Нынче у них-нас, пархов, входили чередой осенние праздники: Малый Новый год — закатившийся за хроносову подкладку грош ха-Шана, потом шел Ссудный День — подсчет грехов с процентами и записью в реестр судеб, когда каждый сукин кот обязан порядочно наплакать (и тогда есть шанс, что не лишат мозговой сметанки), затем грядут Дарованные Кущи, по-нашему смешно, суккот — период сиденья в шалаше и обдумыванья дальнейших облапошиваний. И все это время тащат и тащат к подножью стула подношения. Тырят, ибо «тырить» на староорусском — парадокс-с! — значит «нести». Послушно волокут откормленных индюшек — те истошно кричат и потешно бьют связанными крыльями, грохаются мешки с орехами, фляг гром с домашним пойлом, по новогодью доносят мед с ароматными яблоками, чтоб пахло хорошо, а не прежне. Индюшки тянут в разные стороны и ногами дерутся, что твои левиты-страусы, орехи старые, червивые — иногда оттуда сразу махаон вылетает, мед давеча засахарился, яблоки окислились намедни, пойло выдохлось — а эти чучела все всучают! Да с поклонами в пояс, с пожеланиями: «Хорошей записи вам!» А я стерт. Имя мое по букве стирали, глинянно кроша отламывали, трубно проглатывали, оттирали от Мудрости — и осталось просто И. Безродный допотопный Пощипай. Так размышлял И., служка-бедолажка. Изловчился, попал в консисторию — вот и сиди тут, выставлен за дверь, перебирай бумажки, встречай посетителей-замарашек — в массе своей тяжелых психопатов, — сбивай истерику, обламывай заморочки, разъясняй, с какого конца в начале надо редьку есть, заповеди загибай пальцами: «Это неприлично, негигиенично, вам говорят…» Называется, наградили. И. с отвращением оттопырил мизинцем расшитую перевязь, щелкнул, как подтяжками, — да в душу нагадили! Вот спасибо, вот одолжили! Расстарались! Возвеличили!

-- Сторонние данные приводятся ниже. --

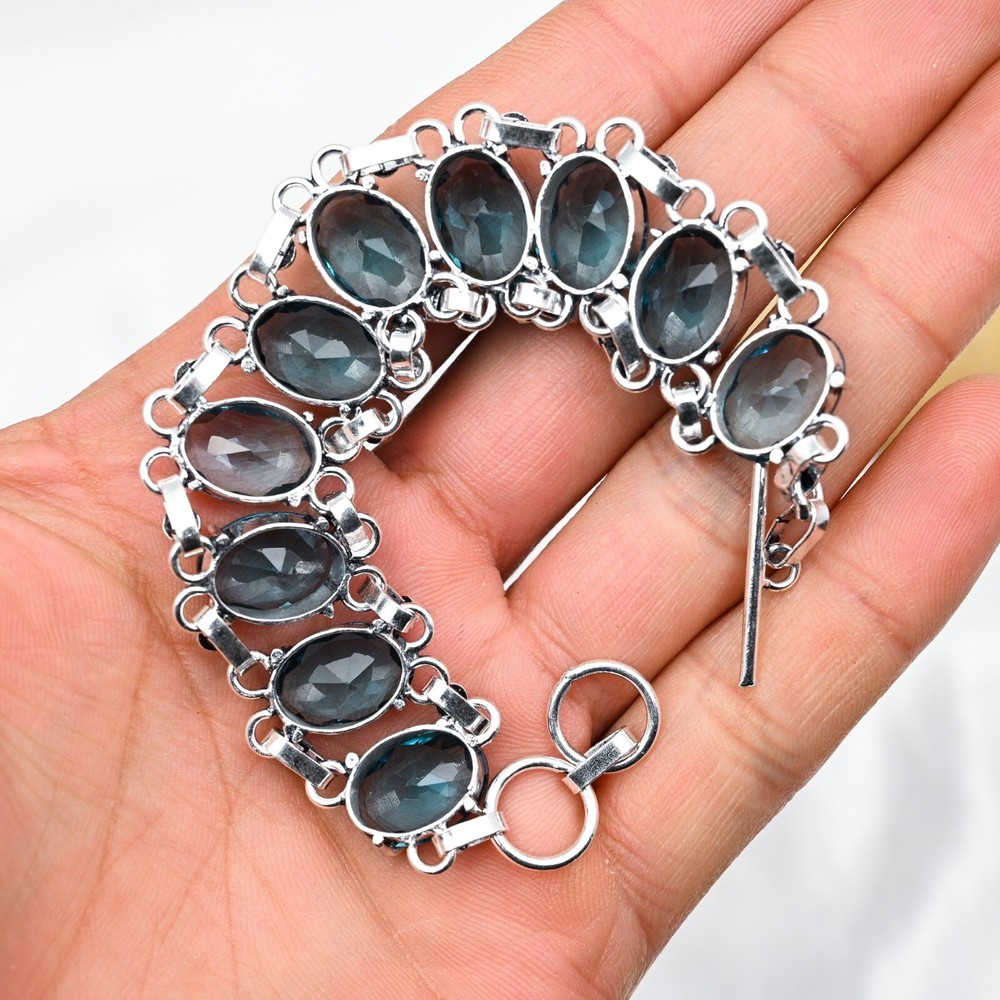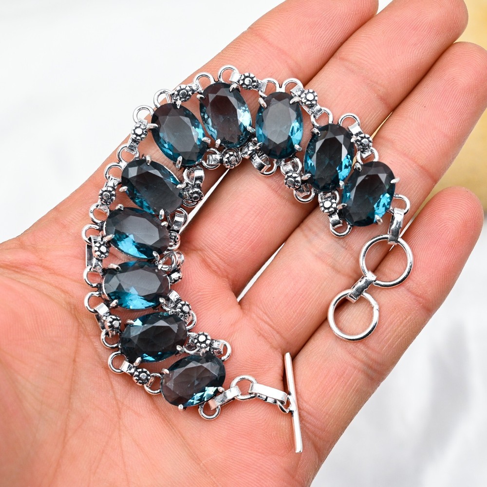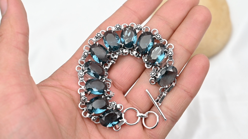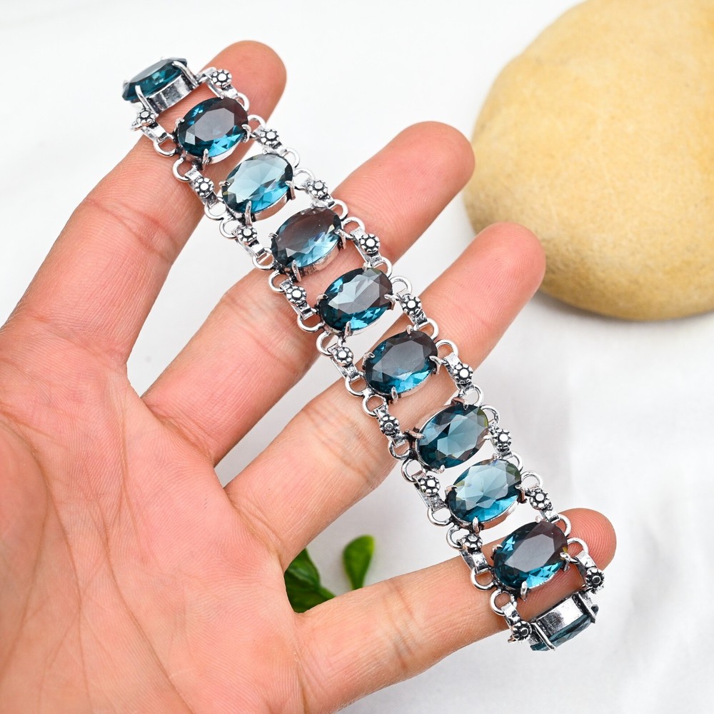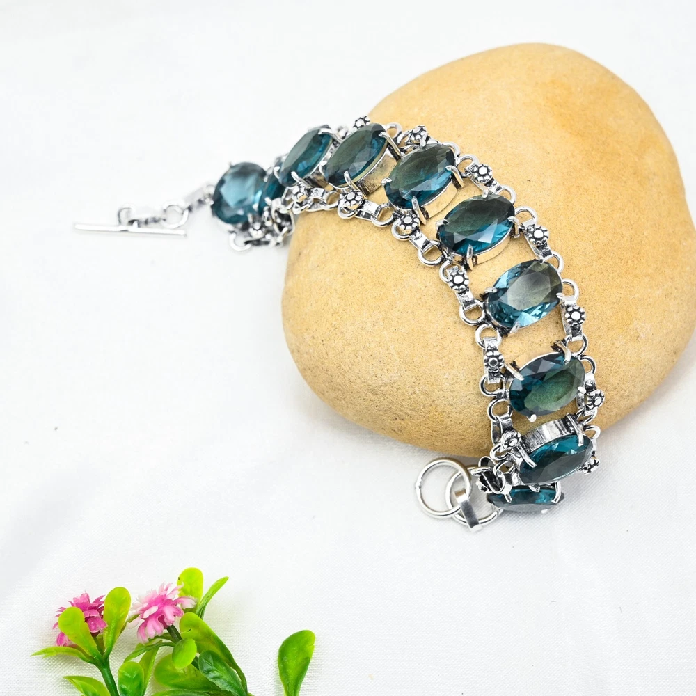 Shape:Same As PictureColor:SilverFeatures:AdjustableCountry of Origin:IndiaCut Grade:ExcellentMain Stone Creation:NaturalChain Type:N/AMaterial:GemstoneMain Stone Width:N/AMain Stone Color:BlueMetal Purity:925Style:ChainCountry/Region of Manufacture:IndiaMain Stone Shape:OvalDiamond Color Grade:N/AMetal:SilverNumber of Diamonds:N/AMain Stone Treatment:Not EnhancedCharm Type:Same As PictureBase Metal:Sterling SilverCollection:HandmadeMain Stone Length:N/AOccasion:Anniversary, Birthday, Christmas, Engagement, Mother's Day, Valentine's Day, WeddingType:BraceletDiamond Clarity Grade:N/ABrand:HandmadeItem Length:8 inches with Adjustable ChainMain Stone Depth:N/ATotal Carat Weight:10 carat and aboveNumber of Gemstones:10Closure:ToggleSetting Style:BezelCertification:N/ATheme:Beauty, Bohemian, Ethnic, Halloween, LoveSecondary Stone:Indicolite TourmalineColored Diamond Intensity:N/AMain Stone:Indicolite Tourmaline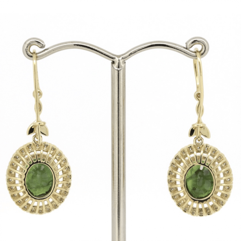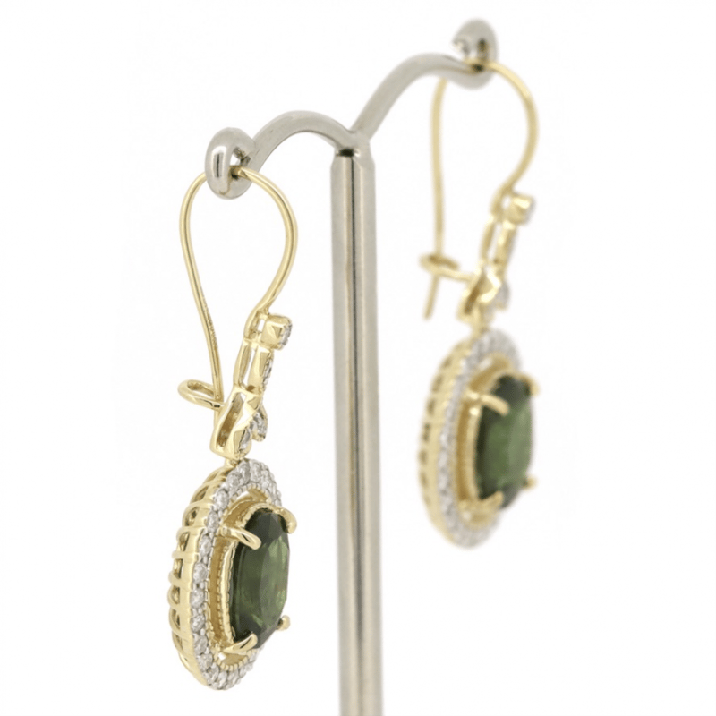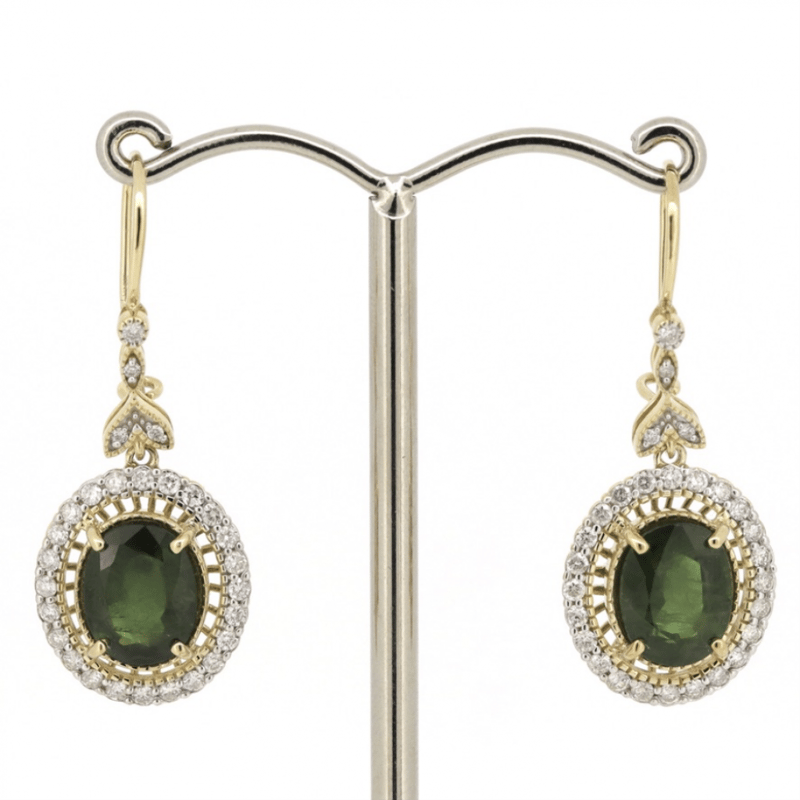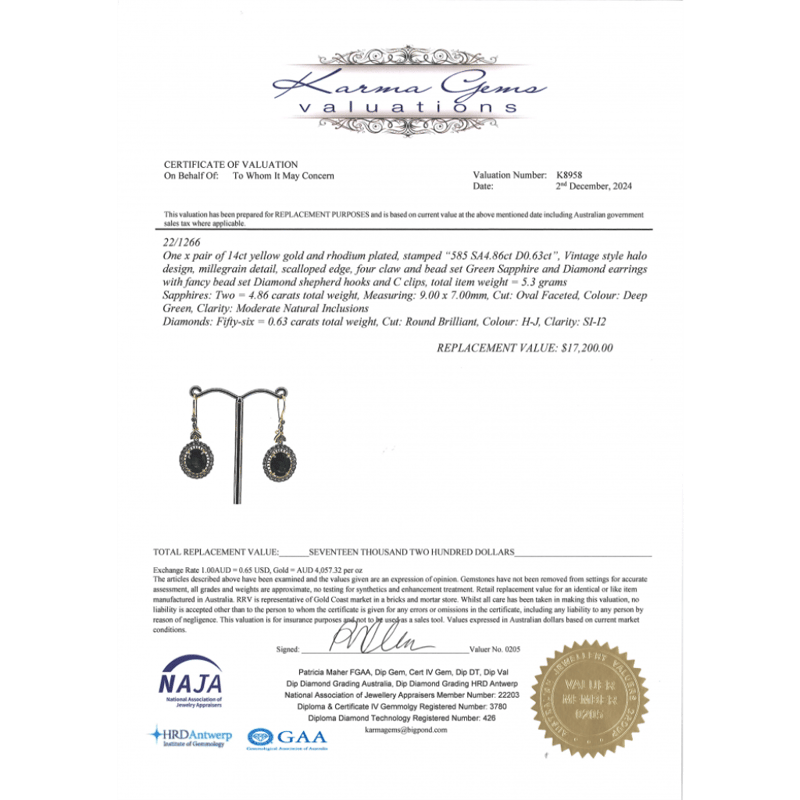 14K YELLOW GOLD, GREEN SAPPHIRE AND DIAMOND, HALO DROP EARRINGS. The Earrings Feature, 2 Oval Cut, Deep Green, Sapphires (4.86Ct Tsw, Included), 4 Claw Set. Surrounding The Sapphires In Halos And Decorating The Hooks/Joins Are, 56 Round Brilliant Cut, Diamonds (0.63Ct Tdw, H-J Colour, Si-I2 Clarity), Bezel/Bead Set In White Gold With Millegrain Detail. The Earrings Have Shepherds Hooks With 'C' Hook Closures. Jewellery Valuations Provided By A Third Party Professional Not Directly Associated With Lloyds Auctions at AUD $$17,200.00This Insurance Valuation has been provided by a registered Jewellery Valuer and is intended for insurance purposes only. The valuation amount has no bearing on the auction value of the item. Any questions regarding the valuation should be directed to the issuing Valuer (refer to contact details on the certificate) as Lloyds have no association or relationship with the Valuer or the valuation amount contained within the valuation. Condition: NEW 0645882+73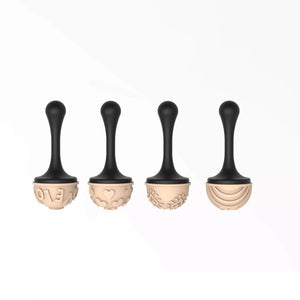 Kit created in collaboration with Lluc Crusellas to decorate pralines made using the Semisfera 01-P mould (52.913.86.0165). The kit includes 4 plastic handles and 4 silicone stamps featuring 4 different designs to create original heart-themed decorations. The handle fits perfectly into the square cavity on the stamp, ensuring maximum stability during the decoration process. Stamp dimensions: ø31 h 19 mm | ø1.22 h 0.75''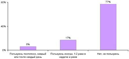 пользуются вовсе, иногда (1-2 раза в неделю и реже) - 17%, постоянно «висят» в
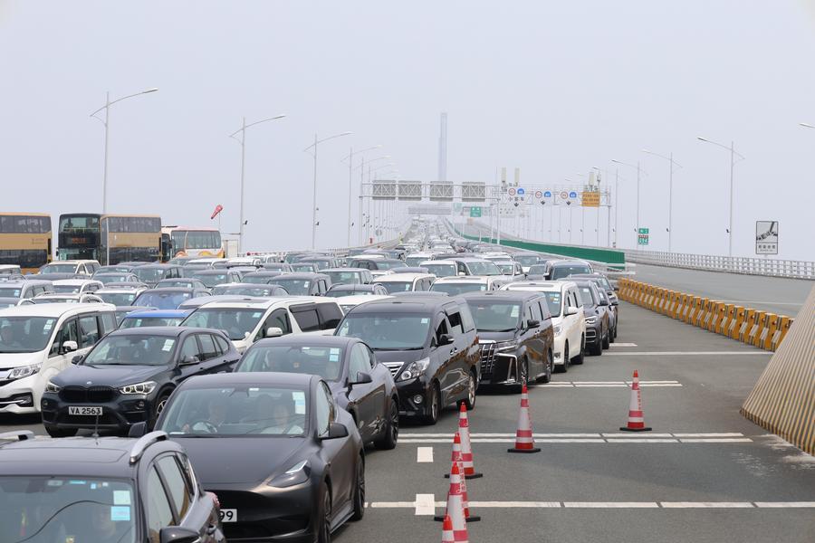 2024年3月9日拍攝的港珠澳大橋橋頭等待北上的車輛。港珠澳大橋邊檢站的數(shù)據(jù)顯示,截至3月9日21時(shí),經(jīng)該站查驗(yàn)的出入境“港車北上”車輛已突破50萬(wàn)輛次。邊檢部門介紹,自2023年7月1日“港車北上”政策正式實(shí)施以來,駕駛單牌私家車“北上”的香港居民數(shù)量持續(xù)上升。 新華社發(fā)(王相國(guó)攝)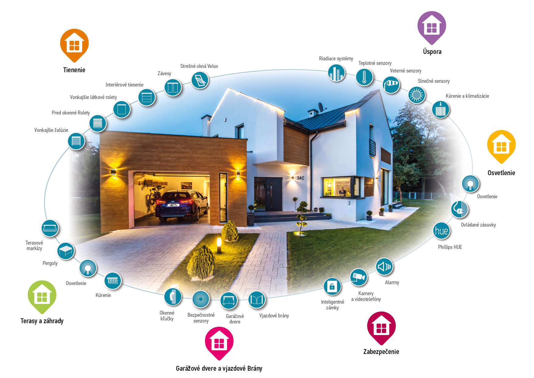 Prečo si vybrať automatizáciu domácnosti od Somfy? Pod pojmom domáca automatizácia si každý člověk predstaví niečo iné, keďže každý z nás má iné skúsenosti, potreby a návyky. Máme pre Vás ucelený rad výrobkov, ktoré sa týkajú všetkých častí domácnosti.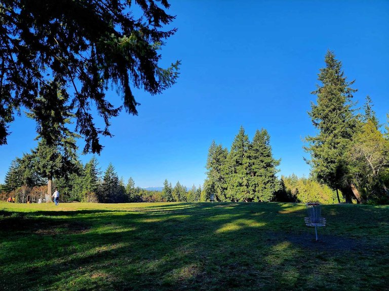 I can see the bright day from your picture, it's a good day to play under the shadow of the trees. I hope that your disc didn't fly to the moon 🤗🤗.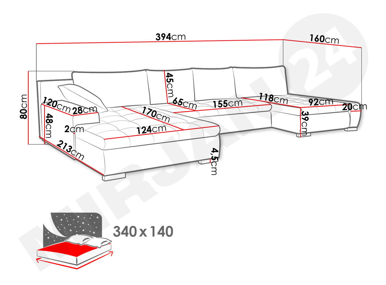 140x340 cm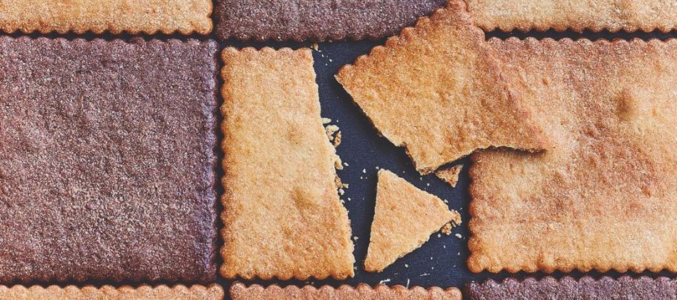Incorporez la farine en trois fois et mélangez jusqu'à ce que l'ensemble soit homogène sans trop travailler la pâte. Formez la en un disque, filmez et réservez au réfrigérateur pendant 8 heures. Ensuite, étalez la pâte sur 3 mm et la détaillez avec un emporte-pièce carré cannelé de 10 cm de côté. Faites cuire au four pendant 20 minutes à 160°.
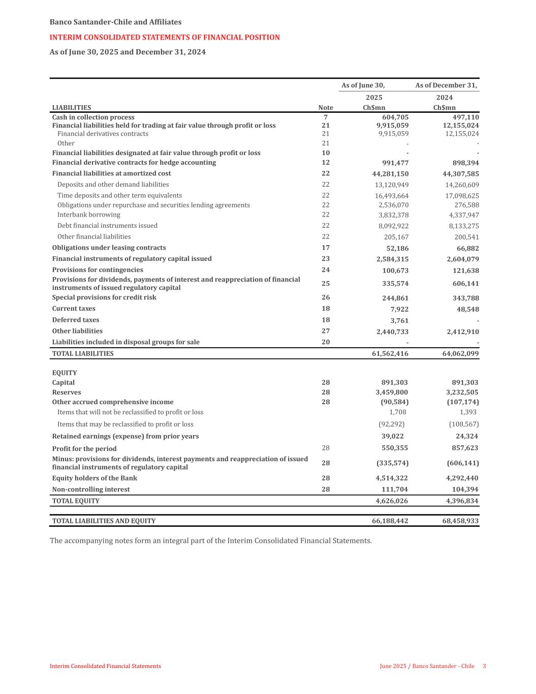 Banco Santander-Chile and Affiliates INTERIM CONSOLIDATED STATEMENTS OF FINANCIAL POSITION As of June 30, 2025 and December 31, 2024 Interim Consolidated Financial Statements June 2025 / Banco Santander - Chile 3 As of June 30, As of December 31, 2025 2024 LIABILITIES Note Ch$mn Ch$mn Cash in collection process 7 604,705 497,110 Financial liabilities held for trading at fair value through profit or loss 21 9,915,059 12,155,024 Financial derivatives contracts 21 9,915,059 12,155,024 Other 21 - - Financial liabilities designated at fair value through profit or loss 10 - - Financial derivative contracts for hedge accounting 12 991,477 898,394 Financial liabilities at amortized cost 22 44,281,150 44,307,585 Deposits and other demand liabilities 22 13,120,949 14,260,609 Time deposits and other term equivalents 22 16,493,664 17,098,625 Obligations under repurchase and securities lending agreements 22 2,536,070 276,588 Interbank borrowing 22 3,832,378 4,337,947 Debt financial instruments issued 22 8,092,922 8,133,275 Other financial liabilities 22 205,167 200,541 Obligations under leasing contracts 17 52,186 66,882 Financial instruments of regulatory capital issued 23 2,584,315 2,604,079 Provisions for contingencies 24 100,673 121,638 Provisions for dividends, payments of interest and reappreciation of financial instruments of issued regulatory capital 25 335,574 606,141 Special provisions for credit risk 26 244,861 343,788 Current taxes 18 7,922 48,548 Deferred taxes 18 3,761 - Other liabilities 27 2,440,733 2,412,910 Liabilities included in disposal groups for sale 20 - - TOTAL LIABILITIES 61,562,416 64,062,099 EQUITY Capital 28 891,303 891,303 Reserves 28 3,459,800 3,232,505 Other accrued comprehensive income 28 (90,584) (107,174) Items that will not be reclassified to profit or loss 1,708 1,393 Items that may be reclassified to profit or loss (92,292) (108,567) Retained earnings (expense) from prior years 39,022 24,324 Profit for the period 28 550,355 857,623 Minus: provisions for dividends, interest payments and reappreciation of issued financial instruments of regulatory capital 28 (335,574) (606,141) Equity holders of the Bank 28 4,514,322 4,292,440 Non-controlling interest 28 111,704 104,394 TOTAL EQUITY 4,626,026 4,396,834 TOTAL LIABILITIES AND EQUITY 66,188,442 68,458,933 The accompanying notes form an integral part of the Interim Consolidated Financial Statements.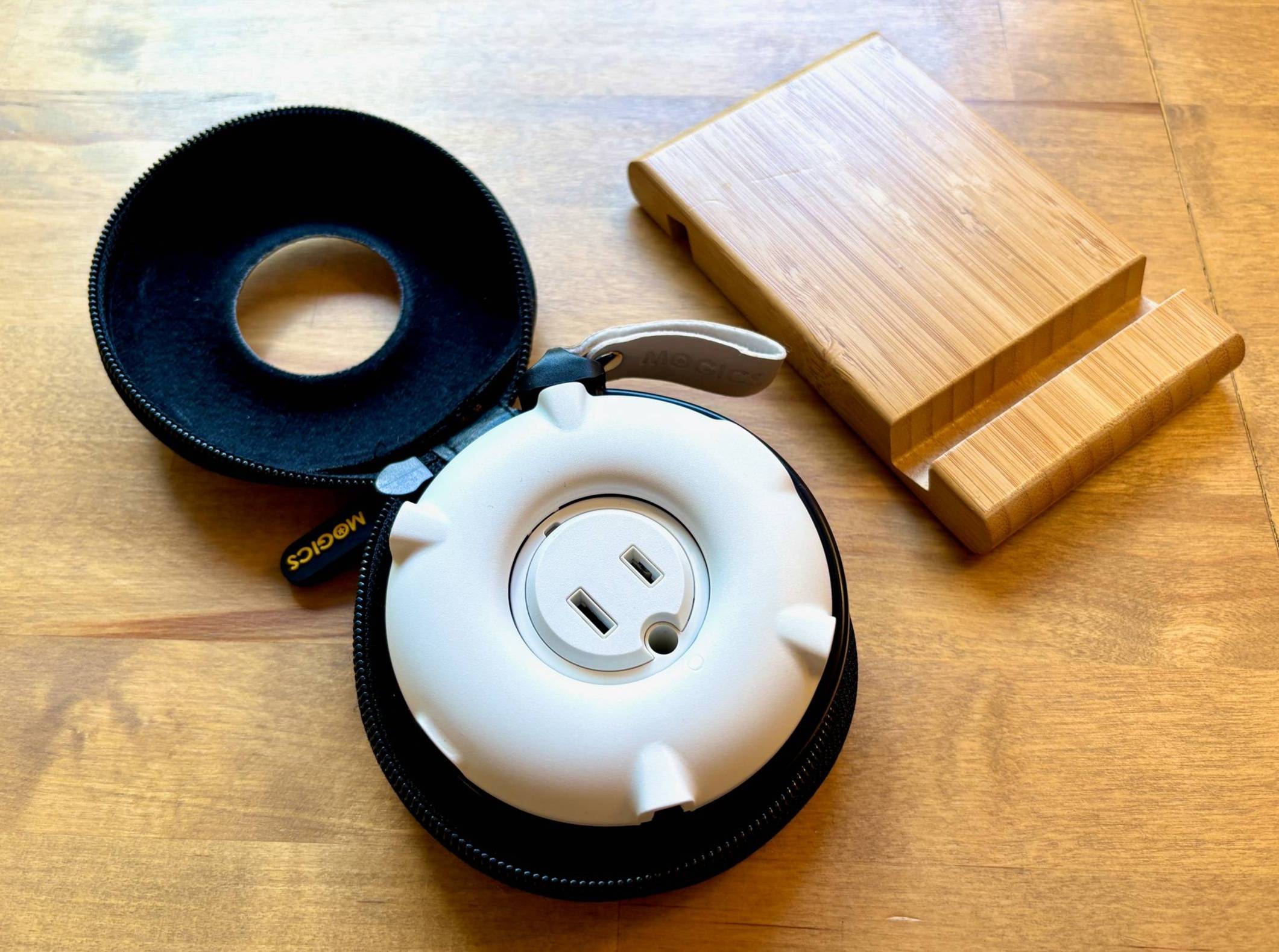 INTEL What’s In Your Travel Box? A fellow travel writer once said she never goes anywhere without her portable clothesline. I promptly bought one and used it for the first time to dry the soggy American one dollar bills that were left in the pocket of my swimtrunks. So handy! My MOGICS bagel is a universal travel power strip that has been all over the world with me, as has my bamboo IKEA BERGENES phone and tablet stand. It’s only $3!

Он сидел на стуле, моргал устало — в глазах круги от квадратных букв — подпирал дверь, за которую рвались в исступлении просители в поисках света правосудья и вех советов — устных и письменных (из-за угрозы забвенья). Перебирал людишек — ох и снято калек с калек! Дико раздражала диковинная клиентура раввината. Приходили с кислым видом, ровно у них колики, лахудры в косо сидящих париках или лысые страдалицы в туго завязанных платочках — получать разводное свидетельство «гет». Геть видсэля! Не нагулялись? А сто зе вы сегодня вечерком делаете в Низнем Городе? Нет, прочь, прочь похоть, эту маруськину карусель… Трижды проорать: «Изгоняю тебя!» Отныне только возвышенный зов воздержания, мягкая сутулость жерди, вечерние чтения в одиночестве… Баб И. отторгал, не вставая со стула. Ну, допустит минутою милую шалость — нравственность его столь высоченно не простиралась, чтоб порой походя не ущипнуть, — но не более, не далее. Опротивели до полусмерти кипящие праведностью кипастые жиртресты со священными текстами на устах, надоедливой скалкой когтящего нытья выбивающие себе теплые места на скамейках Дома Собраний — поближе к свечам, чтоб божба Ему лучше виделась. И. пытался разумно объяснить клыкастым, что у Него таламус — зрительный бугор — отсутствует. Не верили, интриганы, хотя пархи в принципе внушаемы — взять хоть побасенку эту с жертвенником… Зомби и сын. Крошка юдаизма. Сильный запах! Белый керосин. Миндаль в рацион — циань сивонизма! Пыль, вонь и женские слезы… Бесплодные дылды в шляпках-корзинках (вообще рабби плодятся как кролики, а эти грешным делом подкачали), лезущие в дверь за чудом, сварливые заполошные крики, доносящиеся из-за: «Благослови, батюшка! С каких это схуёт? Ты по себе не суди! У тебя гляди вон какой! Во лоб! Отрастил!», жалобный клекот клерков, увещевания с намеком: «Такие вещи покупаются страданиями…»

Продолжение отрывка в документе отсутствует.